WORK TO BE COMPLETED
If a record holds a picture, drop the picture and return the rest of the record word for word.

**** EXERCISE MATERIAL

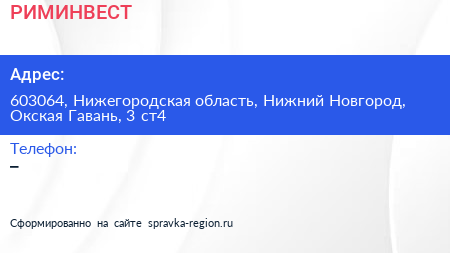 РИМИНВЕСТ по адресу 603064, Нижегородская область, Нижний Новгород, Окская Гавань, 3 ст4 в дальнейшем Организация, размещена в следующих категориях:
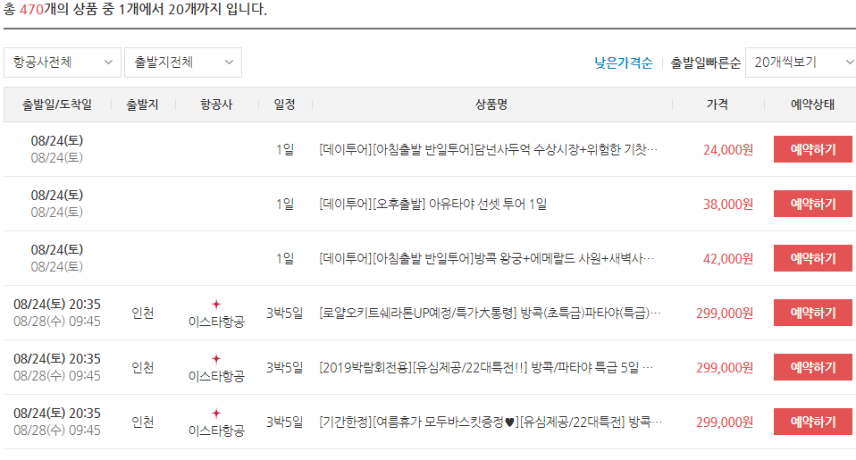 둘러보시다가 가격도 괜찮고 출발날짜도 다 괜찮다 싶은 여행 리스트가 보이신다면 해당 리스트를 조회 해주시면 되겠는데요.
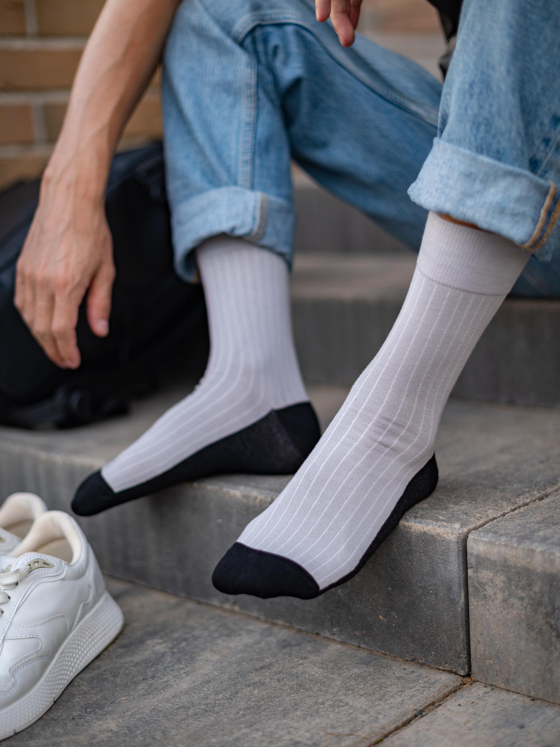 Связаны из хлопка на фабрике в Ленинградской области с использованием современных станков высокой точности (200 игл на барабане). Благодаря входящим в состав полиамиду и эластану изделия хорошо тянутся, а также имеют высокую износостойкость. Процентное содержание волокон: 80% хлопок, 17% полиамид, 3% эластан.
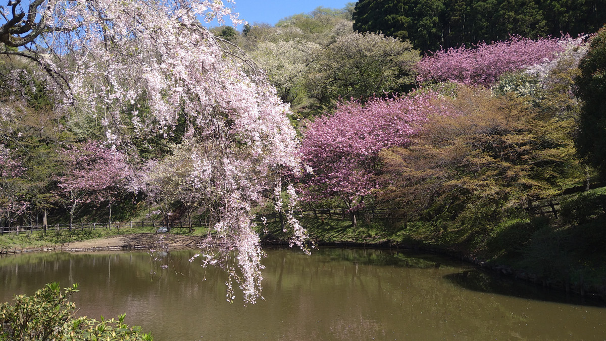 最明寺史跡公園は松田山の山頂付近に位置し、人里離れた静かな場所に広がる穏やかな公園。春には色とりどりの花が咲き誇り、散策路を歩けば野鳥のさえずりが耳に心地よく響きます。斜面を上ると富士山や相模湾も一望できます。隠れた桜の名所としても知られ、ソメイヨシノや大島桜、しだれ桜など多様な桜が次々と咲き乱れます。公園中央の池を囲む桜の木々も見応え十分。珍しい桜を探すのも楽しみのひとつです。また、毎年4月10日に開催される「最明寺例祭」では、地域の文化に触れることもできます。
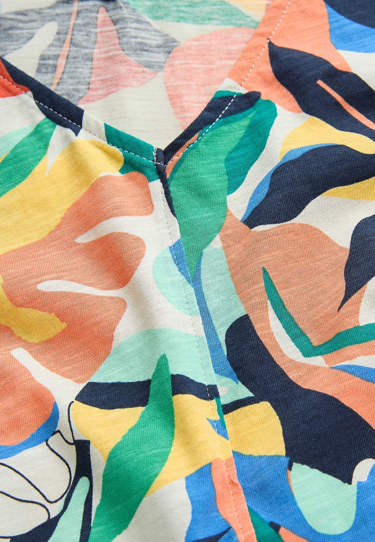 Luftig slubkvalitet med lett struktur. Litt a-linjeformet passform. V-hals både foran og bak. Dekorsøm i midten frampå. Rygglengden følger størrelsen, ca. 60-72 cm.
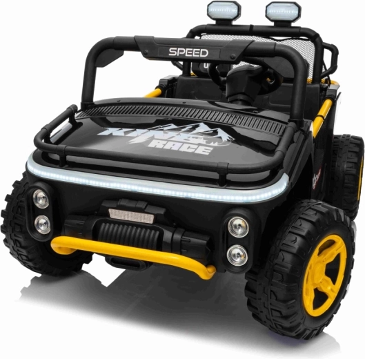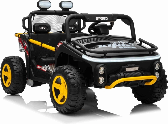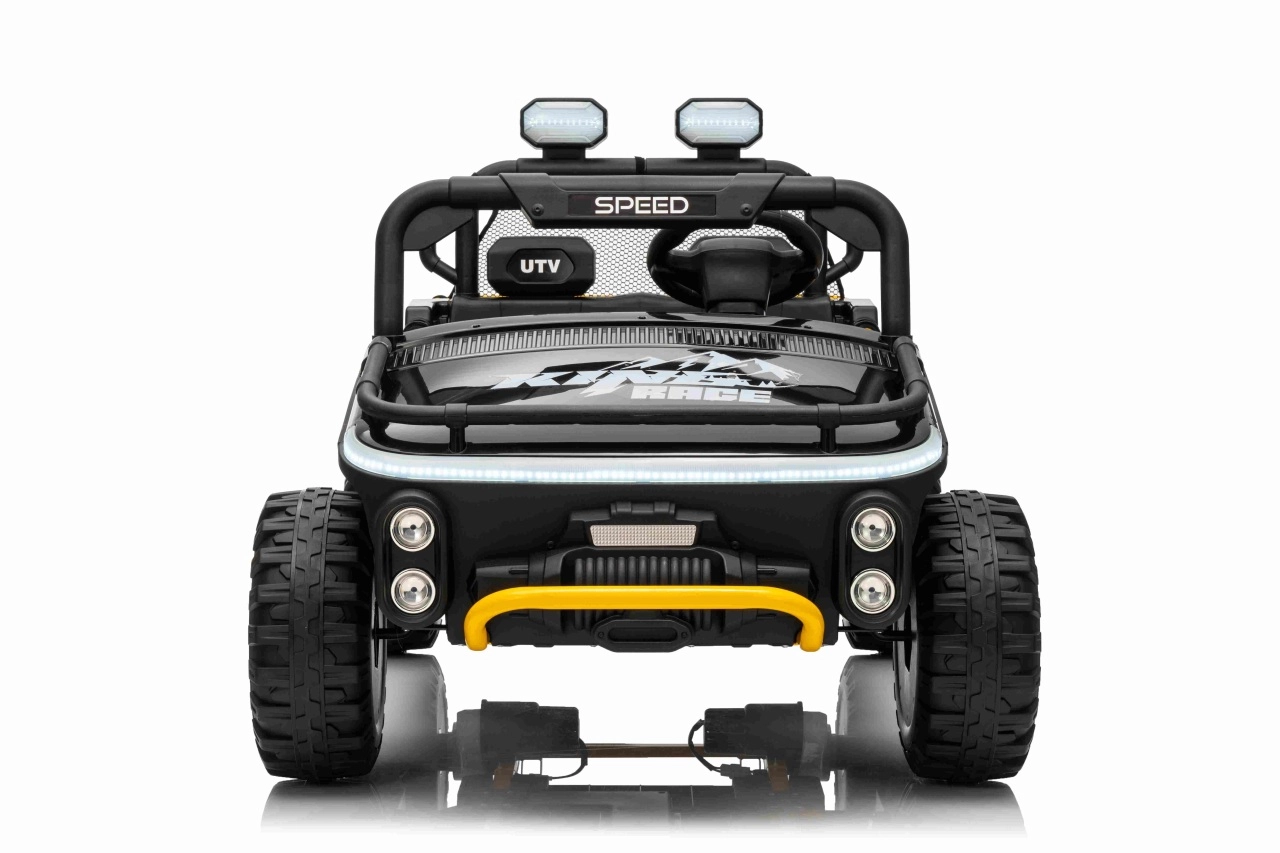 Objavte adrenalínovú jazdu s detským elektrickým buggy UTV SPEED 24V. Dva silné motory 2x80 W a vysokokapacitná batéria 24 V 9 Ah zaistia plynulý rozjazd, dve rýchlosti a dostatok výkonu aj mimo spevnené cesty. Veľké mäkké kolesá EVA (30 × 12 cm) spolu s predným odpružením a dvoma zadnými nastaviteľnými tlmičmi výborne tlmia nerovnosti a zvyšujú komfort.
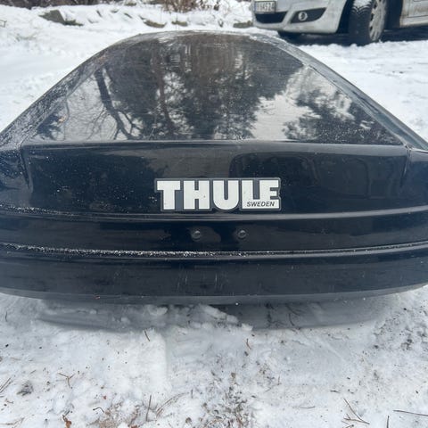 Selger pent brukt Thule takboks / skiboks med 4stk bøyler og det medfølger med to stk nøkler.
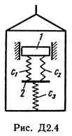 В таблице обозначено: c1, с2, c3 - коэффициенты жесткости пружин, λ0 - удлинение пружины с эквивалентной жесткостью в начальный момент времени t = 0, v0 - начальная скорость груза по отношению к лифту (направлена вертикально вверх). Прочерк в столбцах c1, с2, c3 означает, что соответствующая пружина отсутствует и на чертеже изображаться не должна. Если при этом конец одной из оставшихся пружин окажется свободным, его следует прикрепить в соответствующем месте или к грузу или к потолку (полу) лифта; то же следует сделать, если свободными окажутся соединенные планкой 2 концы обеих оставшихся пружин.

********

SOLUTION TO THE EXERCISE
 РИМИНВЕСТ по адресу 603064, Нижегородская область, Нижний Новгород, Окская Гавань, 3 ст4 в дальнейшем Организация, размещена в следующих категориях:
 둘러보시다가 가격도 괜찮고 출발날짜도 다 괜찮다 싶은 여행 리스트가 보이신다면 해당 리스트를 조회 해주시면 되겠는데요.
 Связаны из хлопка на фабрике в Ленинградской области с использованием современных станков высокой точности (200 игл на барабане). Благодаря входящим в состав полиамиду и эластану изделия хорошо тянутся, а также имеют высокую износостойкость. Процентное содержание волокон: 80% хлопок, 17% полиамид, 3% эластан.
 最明寺史跡公園は松田山の山頂付近に位置し、人里離れた静かな場所に広がる穏やかな公園。春には色とりどりの花が咲き誇り、散策路を歩けば野鳥のさえずりが耳に心地よく響きます。斜面を上ると富士山や相模湾も一望できます。隠れた桜の名所としても知られ、ソメイヨシノや大島桜、しだれ桜など多様な桜が次々と咲き乱れます。公園中央の池を囲む桜の木々も見応え十分。珍しい桜を探すのも楽しみのひとつです。また、毎年4月10日に開催される「最明寺例祭」では、地域の文化に触れることもできます。
 Luftig slubkvalitet med lett struktur. Litt a-linjeformet passform. V-hals både foran og bak. Dekorsøm i midten frampå. Rygglengden følger størrelsen, ca. 60-72 cm.
 Objavte adrenalínovú jazdu s detským elektrickým buggy UTV SPEED 24V. Dva silné motory 2x80 W a vysokokapacitná batéria 24 V 9 Ah zaistia plynulý rozjazd, dve rýchlosti a dostatok výkonu aj mimo spevnené cesty. Veľké mäkké kolesá EVA (30 × 12 cm) spolu s predným odpružením a dvoma zadnými nastaviteľnými tlmičmi výborne tlmia nerovnosti a zvyšujú komfort.
 Selger pent brukt Thule takboks / skiboks med 4stk bøyler og det medfølger med to stk nøkler.
 В таблице обозначено: c1, с2, c3 - коэффициенты жесткости пружин, λ0 - удлинение пружины с эквивалентной жесткостью в начальный момент времени t = 0, v0 - начальная скорость груза по отношению к лифту (направлена вертикально вверх). Прочерк в столбцах c1, с2, c3 означает, что соответствующая пружина отсутствует и на чертеже изображаться не должна. Если при этом конец одной из оставшихся пружин окажется свободным, его следует прикрепить в соответствующем месте или к грузу или к потолку (полу) лифта; то же следует сделать, если свободными окажутся соединенные планкой 2 концы обеих оставшихся пружин.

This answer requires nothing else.